The Social Media Bubble, and How AI Can Break It
By Tim Wolff
Vice President of TV and Digital Publishing Innovation, Futuri
I’ve sat in thousands of editorial meetings. I’m willing to bet you have, too. But through all those, I never would have expected the seismic shift in how we make editorial decisions now.
We had already started to change the process before the pandemic. Long gone are the days of the assignment desk printing out what’s worth covering in the file. We started, like your newsroom probably does, with what was getting page views on our website, what Facebook posts were doing well, and what people were searching for on google. Typically, it was one person on the digital team who gave that report, and starting the meeting with what was gaining interest was helpful. Of course, it was only a snapshot, and it was mostly backward looking at what we had already published.
Now we live with the shift to a largely remote newsroom. Instead of a centralized conference table where ideas are bandied about, the meetings are a bit more disjointed, with reporters and producers and others on Zoom or conference calls. While news directors I talk with say the lack of cohesion is real, they also say they are getting a variety of story ideas, but from a new source: social media.
In fact, research Futuri conducted with Smith-Geiger shows that newsroom managers now say social media is the top source of story ideas in their newsroom.
Reporters and producers comb through local Facebook groups, and use their own feeds as sources of potential stories. But there remains a key problem: the stories the news staff sees in their feeds likely are not representing the actual audience.
Let’s examine what this was like before social media.
In his book “I’ll Mature When I’m Dead,” comedian and longtime columnist Dave Barry explained how decisions to cover trends all-too-often happened:
“These stories typically originate when an editor happens to notice something that strikes him or her as significant.

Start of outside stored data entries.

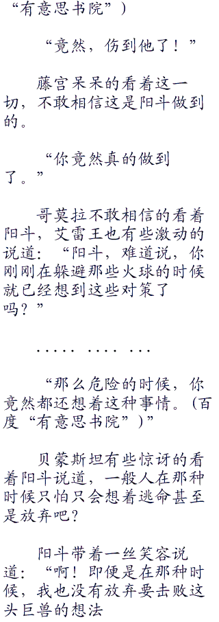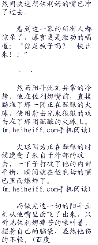 阳斗强忍着身上的不适,尽力露出笑容对哥莫拉他们说道,为什么会笑着?因为阳斗心中已经想到了办法。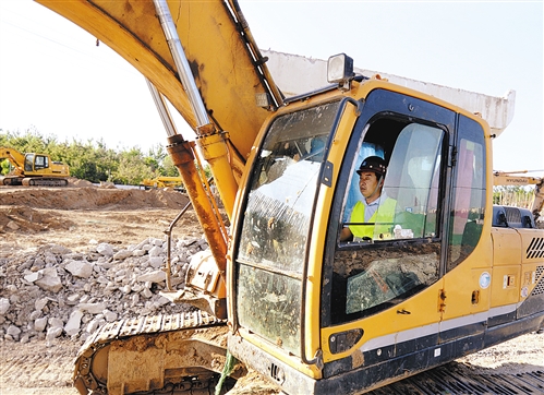 5月1日,河北省邢台市守敬路七里河大桥工地,中建路桥集团六公司挖掘机操作工刘兴林在施工作业。刘兴林坚持26年钻研挖掘机操作技术,曾在全国竞赛中取得优异成绩,被授予“全国交通技术能手”称号。 田晓丽摄(中经视觉)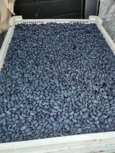 果實為漿果狀復(fù)果,柔軟多汁,形狀各種各樣,有圓形、橢圓形、圓柱形、紡錘形、鐮刀形等多種形狀。表面光滑或凸凹不平。果實從淺藍色到藍黑色,有較厚的蠟質(zhì)。果實香氣濃郁,風(fēng)味獨特,很難描述,具有藍莓、樹莓、黑加侖等漿果的混合風(fēng)味。有的品種吃起來感覺含有櫻桃、草莓、芒果、葡萄、獼猴桃的味道。果實多數(shù)是酸的,有些好品種味道酸甜或甜酸,也有很多微苦和苦澀的類型。果實長1~4 cm,寬0.6~1.5 cm,單果重0.5~2.5 g。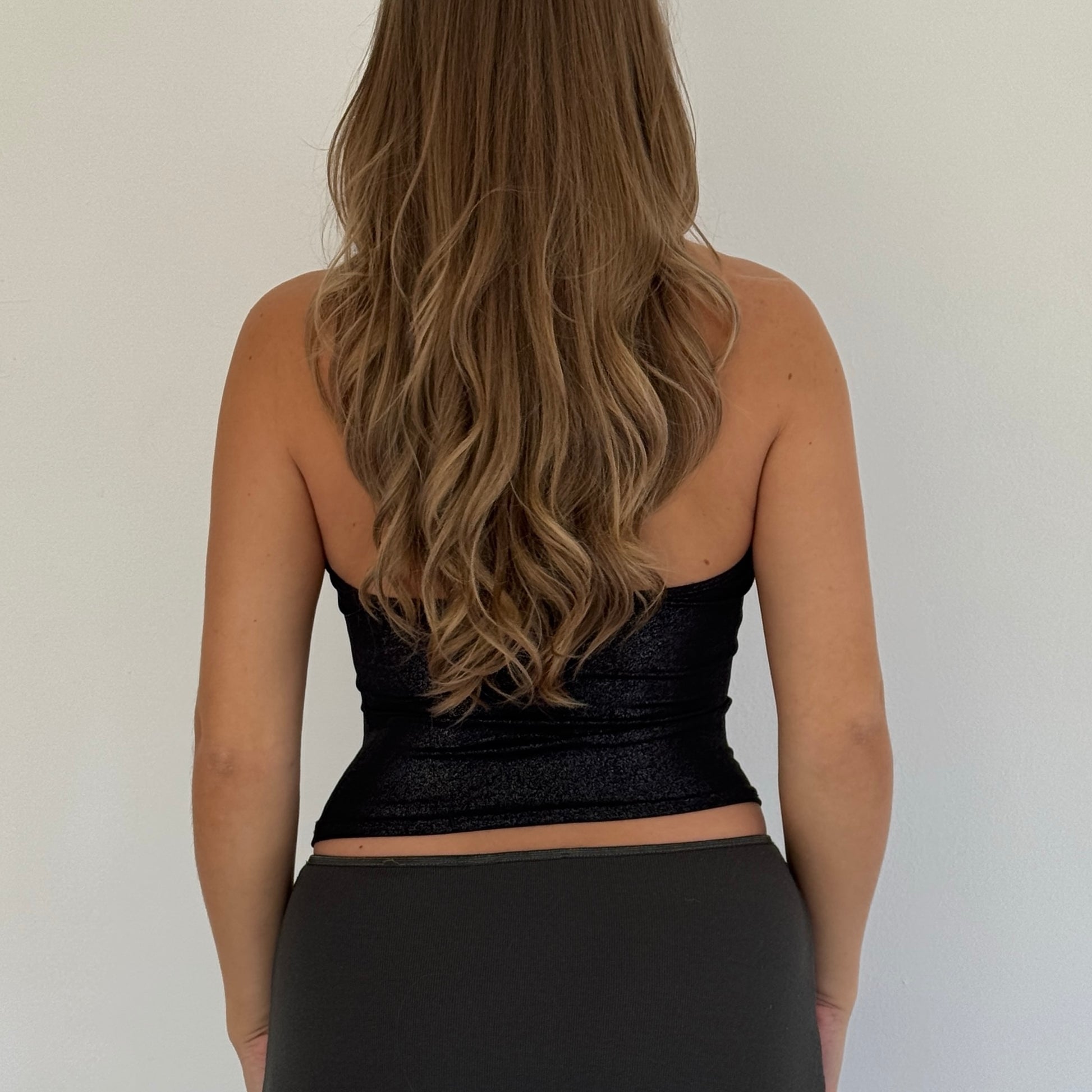 Morgan de Toi dark grey shimmery halter top, with a scoop neckline and diamanté cutout detailing.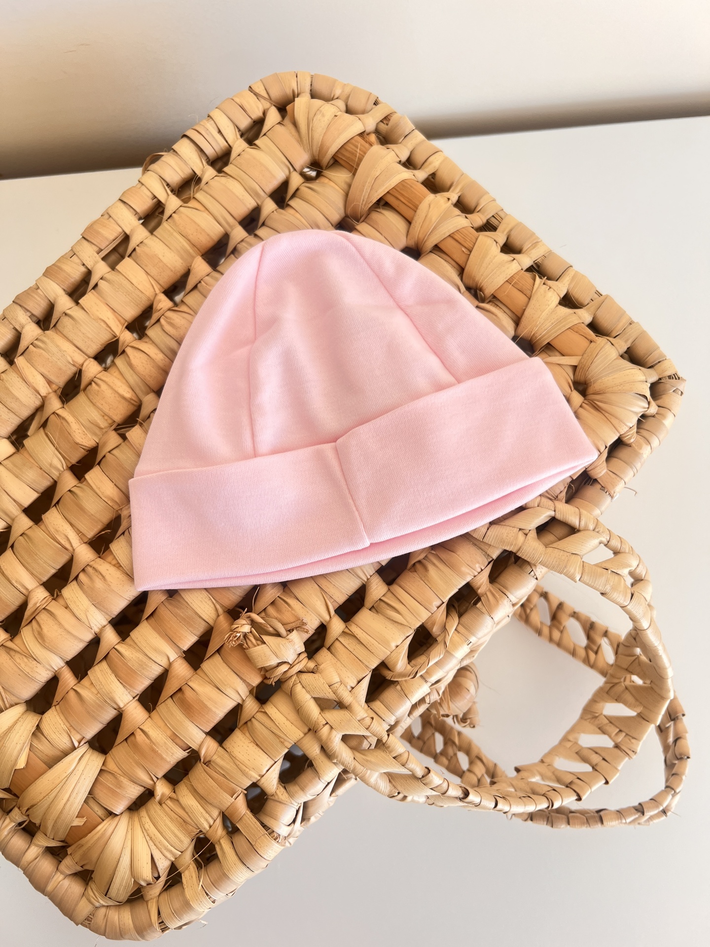 • Gorro de bebé cor-de-rosa claro sobre mala trançada natural

For example, the editor might see a person wearing a Howdy Doody T-shirt, and then, a few hours later, see another person (or possibly the same person; it doesn’t matter) wearing a Howdy Doody T-shirt. The next day, at one of the story-planning meetings, the editor might mention this, and another editor might report having also recently seen a person (also possibly the same person) in a Howdy Doody T-shirt.
“The editors, having reached a critical mass–Three Howdy Doody T-shirts!--decide they have discovered a trend.”
Today, that looks like multiple people in the newsroom seeing the same thing on social media.
Now in editorial meetings, a reporter might say, “I saw this on Facebook,” and an assignment editor might say, “I saw that too,” and they might conclude it is a big deal and must be worth a story. Of course, the assignment editor and the reporter are likely to live in similar areas, share similar friends and interests, and therefore see similar posts. What’s “trending” on my Facebook page and your Facebook page might have very little to do with what the rest of our community is seeing.
With the endless sea of what’s available in digital and social, standard editorial meetings are bound to miss key stories happening in the community. Today, the best way to manage that is to use artificial intelligence.
AI tools can do what we humans can’t: scan through millions of social posts and engagement data to tell us what is really happening with the audience. Futuri’s TopicPulse ContentAdvantage, for example, combines data from more than a hundred thousand publishers and multiple social media platforms and delivers newsrooms a live look at what their community is engaging with. It also includes live demographics and predictive analysis of what will be trending.
At some point, we all became successful news managers because we had good journalism instincts. We can sense a story that will do well, and which ones viewers and listeners would turn away from. But for most of our careers, that was what we had: limited information and good instincts.
Now we have the power to have an overwhelming amount of information. But we need tools to make that information actionable. If your newsroom doesn’t have AI tools to help, take a moment during your next editorial meeting. Look around the room or the screen and ask yourself whether your team is truly covering the audience beyond each person’s individual bubbles. Then ask yourself what you’re missing.
Artificial Intelligence gives us something we could never have without it: a full understanding of our audience.
And isn’t serving our whole audience our primary mission?
Tim Wolff is Vice President of TV and Digital Publishing Innovation at Futuri. He has 20+ years of experience as a digital and broadcasting leader who’s led top-performing teams across the country at companies including Gannet, Belo, and Cox Media Group Ohio, which includes three daily newspapers, three radio stations, WHIO-TV, and more. Wolff, who holds a Master’s in Journalism from the University of Missouri, also makes a mean green chile stew.